Just when you think you might have him figured out, Baldwin shows up in unexpected places — on Turner Classic Movie channel alongside Robert Osborne, waxing sentimental about a classic film.


Try to peg him as just a movie star, and there he is on the radio as host of "The New York Philharmonic This Week," speaking with authority on Mahler.


If you tuned into the Oscars, you saw another side of Baldwin, as the voice of comic reason, counseling first-time hosts Anne Hathaway and James Franco.


One of his next projects is the film adaptation of the Broadway musical "Rock of Ages," which will star Tom Cruise as an aging rocker. Baldwin plays Dennis, the man who opens the club.

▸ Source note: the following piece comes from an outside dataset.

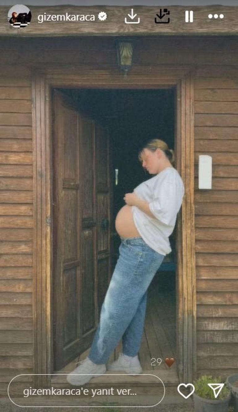 Hamilelik sürecini toplumsal medya hesabından takipçileriyle paylaşan Karaca, bu defa 29’uncu haftadan yeni kareler yayınladı. Karnı uygunca barizleşen oyuncu, paylaşıma ’29’ notunu düştü.

He laughs when asked if he would do a Broadway musical.


"I can't sing," he says. "But I would love to do a show on Broadway. I think I have a couple more plays I'd like to do before I completely move on in another direction. Whether they'll be on Broadway, I don't know. But singing is not one of them."


Baldwin looks at the 1992 Broadway production of "A Streetcar Named Desire" — he played Tennessee Williams' brutal creation Stanley Kowalski — as a turning point in his career, when he stopped being grateful just to be at the table and really took over a role.


"I said to myself, 'I'm going to trust my instincts. I know what I want to do,'" he says. "You've got to play the character you see and bring to the character what you have. I played him with a sense of humor, but also viciousness."


Last month, Baldwin got a star on the Hollywood Walk of Fame, but he says that's nothing that even entered the mind of a kid from Massapequa, Long Island.


"I had no fantasies whatsoever about the business," he says. "There were other things I dreamed about and that was not one of them. This is a business I fell into and as time went on, I really grew to love it.


"It's funny how the closer I get toward moving away from it the more difficult that is, because I really do like it now more than ever. It will certainly be an extraordinarily difficult thing to stop doing."